January 12, 2008

Walker, Texas Ranger on the economy

Via Gail Collins:

Mike Huckabee’s campaign is a mixture of feelings, which are all on the side of the average working stiff, and policies, which are all on the side of the stock exchange. His sidekick, Chuck Norris, has his own stump speech that seems to blame our economic woes on “sheiks and Arabs” who “come over here, buy millions of dollars of merchandise and take it back to their homeland and don’t pay any taxes on it.”

Chuck Norris also played, as his-bad-self, one of the judges in Dodgeball.

October 24, 2006

Kristof on opportunity cost

From the NYTimes Select ($) (Iraq and your wallet):

In the run-up to the Iraq war, Donald Rumsfeld estimated that the overall cost would be under $50 billion. Paul Wolfowitz argued that Iraq could use its oil to “finance its own reconstruction.”

But now several careful studies have attempted to tote up various costs, and they suggest that the tab will be more than $1 trillion — perhaps more than $2 trillion.
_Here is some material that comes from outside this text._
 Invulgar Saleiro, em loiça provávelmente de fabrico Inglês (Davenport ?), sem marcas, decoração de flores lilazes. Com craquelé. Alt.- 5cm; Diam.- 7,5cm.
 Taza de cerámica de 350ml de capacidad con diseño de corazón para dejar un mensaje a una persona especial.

The higher sum would amount to $6,600 per American man, woman and child.

“The total costs of the war, including the budgetary, social and macroeconomic costs, are likely to exceed $2 trillion,” Joseph Stiglitz, the Nobel-winning economist at Columbia, writes in an updated new study with Linda Bilmes, a public finance specialist at Harvard. Their report has just appeared in the Milken Institute Review, as an update on a paper presented earlier this year.
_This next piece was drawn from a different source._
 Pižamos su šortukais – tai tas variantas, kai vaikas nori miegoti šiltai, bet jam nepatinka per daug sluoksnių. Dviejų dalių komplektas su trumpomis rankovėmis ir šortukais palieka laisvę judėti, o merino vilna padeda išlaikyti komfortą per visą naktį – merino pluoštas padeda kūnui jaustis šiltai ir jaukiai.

Just to put that $2 trillion in perspective, it is four times the additional cost needed to provide health insurance for all uninsured Americans for the next decade. It is 1,600 times Mr. Bush’s financing for his vaunted hydrogen energy project.

/.../

My vote would be to spend a chunk of that sum instead fighting malaria, AIDS and maternal mortality, bolstering American schools, and assuring health care for all Americans. We’re spending $380,000 for every extra minute we stay in Iraq, and we can find better ways to spend that money.

And check out the "... nifty Web site, www.aei-brookings.org/iraqcosts, where you can tinker with the underlying assumptions and come up with your own personal estimates."

October 11, 2006

"Whatever They Guessed At": Bush's View of Estimates of Deaths in Iraq

The British journal, The Lancet, has published a paper which updates the estimate of number of people killed (they estimate more than 600,000) since the start of the Iraq conflict. The researchers claim that their figure, far higher than any previous estimate, was more accurate than the death tolls produced by official Iraqi sources.   Bush is staying the course with his earlier estimate by stating, "I, you know, I stand by the figure a lot of innocent people have lost their life. 600,000 or whatever they guessed at is just, it's not credible."

The relevant portion of the new conference is below & the complete transcript is found here.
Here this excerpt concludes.